MAPLE LEAF 48 Sailboat details on sailboatdata.com (units English)
If Cooper Yachts has any of the pedigree that Canadian Seacraft vessels have then I think you have something if it is well maintained.

I would wonder about the condition and hours on the engine of such a yacht from 1975 or if it has been re-powered since then. I would also hire good surveyors to thoroughly go over this baby but it seems like a nice live aboard platform if everything checks out. 
For an asking price of $139K this boat maker has to have a good reputation but I am not familiar with them. I happen to like older built production boats myself so I commend you on your taste in boats even if my boat is about half the size of this yacht and even older (1967). I believe that sometime around the mid to late 70's they were beginning to discover how durable and strong fiberglass is so they could use less FRP/GRP and still get away with it. 
The only comparison I can offer you is that I know someone who recently bought a less then 10 year old French built production boat (Bendytoe) from a Repo bank sale for slightly less then the asking price of your Maple Leaf.
Find surveyors who have never seen this boat before and are not associated with the seller or agent and negotiate the price with what you find out.
Good luck. 
Welcome to sailnet.


----------



## Faster (Sep 13, 2005)

Cooper built Mapleleaf boats from 42 to 68 feet in the 70s and 80s. By and large they are well regarded in the PNW, and many have traveled extensively offshore. The 42's original rudder design was flawed and modifications were required to improve downwind handling. Whether this was addressed on the other models or not, I'm not sure. They are large boats with comfortable accomodations.

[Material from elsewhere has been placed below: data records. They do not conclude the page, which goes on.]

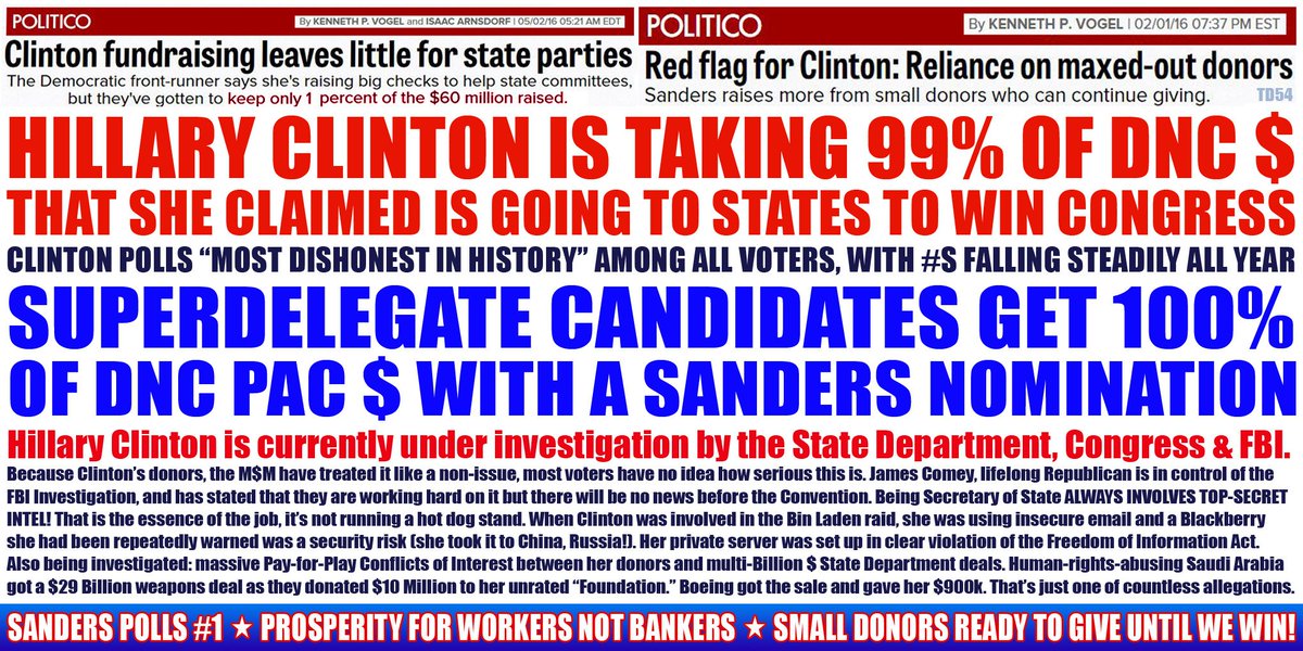 As Clinton's #'s fall to Trump SuperDs should see w/ Sanders they get 100% of DNC$ & WINpic.twitter.com/K9ao3zUs8q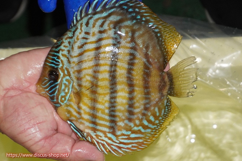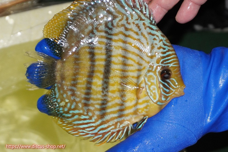 イエローベースが美しいソリッド、ソリッドセンターバー、ロイヤルブルーが混生するウラリアチャンネルに絡む有名産地。 きめ細かな鱗からの上品な発色、ロイヤル個体の明瞭なラインパターン、千差万別の個体差はワイルドディスカスの魅力を存分に持ち合わせた個体といえます。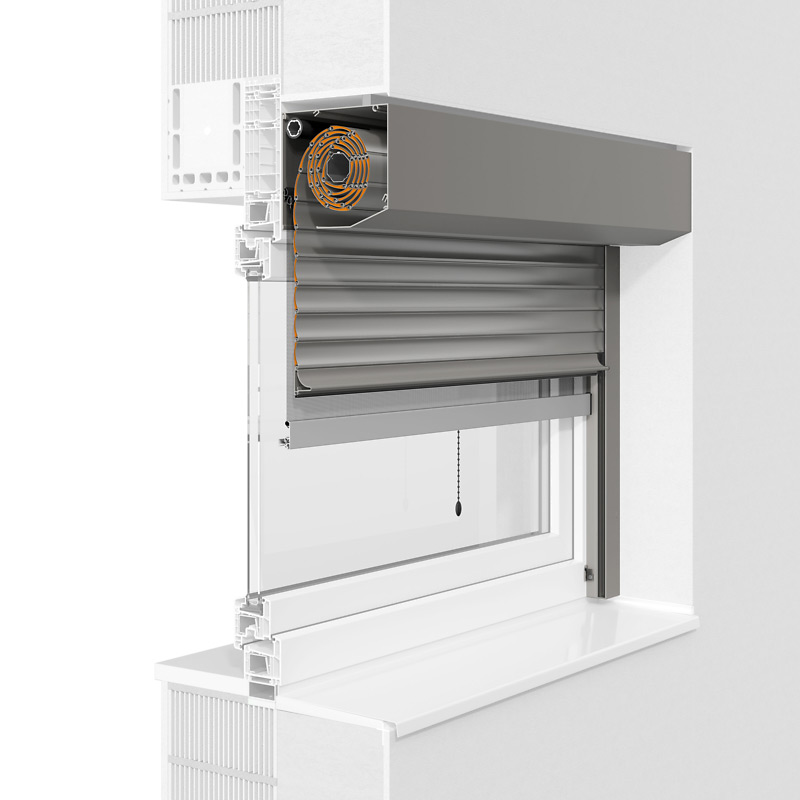 Kennzeichen ist die fünfeckige Kastenform und individuelle Zusatzausstattungen wie etwa Insektenschutzgitter ergänzen dieses Rollladensystem.

You may also want to investigate Cooper's pilot house line, the Cooper 353, 416, and 508 from the same era. Very different boats than the MLs, but distinctive in their own right. US yachts manufactured a couple of models after buying the molds.


----------



## mitiempo (Sep 19, 2008)

As I recall the Maple Leaf 48 has a cored hull so I'd definitely check for moisture or delamination.
Brian


----------



## TSOJOURNER (Dec 16, 1999)

We have a 42' and preparing for world cruise next year. The Mapleleaf is a solid and well built boat, comfortable, and sails great!


----------



## AKDragonfly (May 7, 2007)

Thank you all for the responses. We are beginning the search for a boat that will allow us to cruise as a family. We hope to able to set sail in 3 to 5 years. We have three children. Two sons, 13 and 7 and a daughter who is 4. We are hoping to find a boat and move aboard in our local marina until we are ready to leave. So we are looking for something that will work for both types of living. Any comments or recommendations are welcome.


----------



## sailortjk1 (Dec 20, 2005)

To my uneducated eye, that is a good looking and comfotable boat.
Like others have said, '75 vintage will have to be carefully surveyed.
Who was the designer? Did I miss that somewhere in these posts?


----------



## mitiempo (Sep 19, 2008)

Maple Leaf 48 was designed by Stan Huntingford.
Brian


----------



## Faster (Sep 13, 2005)

mitiempo said:


> Maple Leaf 48 was designed by Stan Huntingford.
> Brian


... who also designed, among others, the Cooper pilothouse series 316,353,416,508 and their trunk-cabins sisters the Banners... Slocum 43, Tayana 42 (both Valiant-esque double enders), the HTL 28, and, I believe, the sturdy little cruiser the Fortune 30... and his personal boat, the very pretty Stella Maris.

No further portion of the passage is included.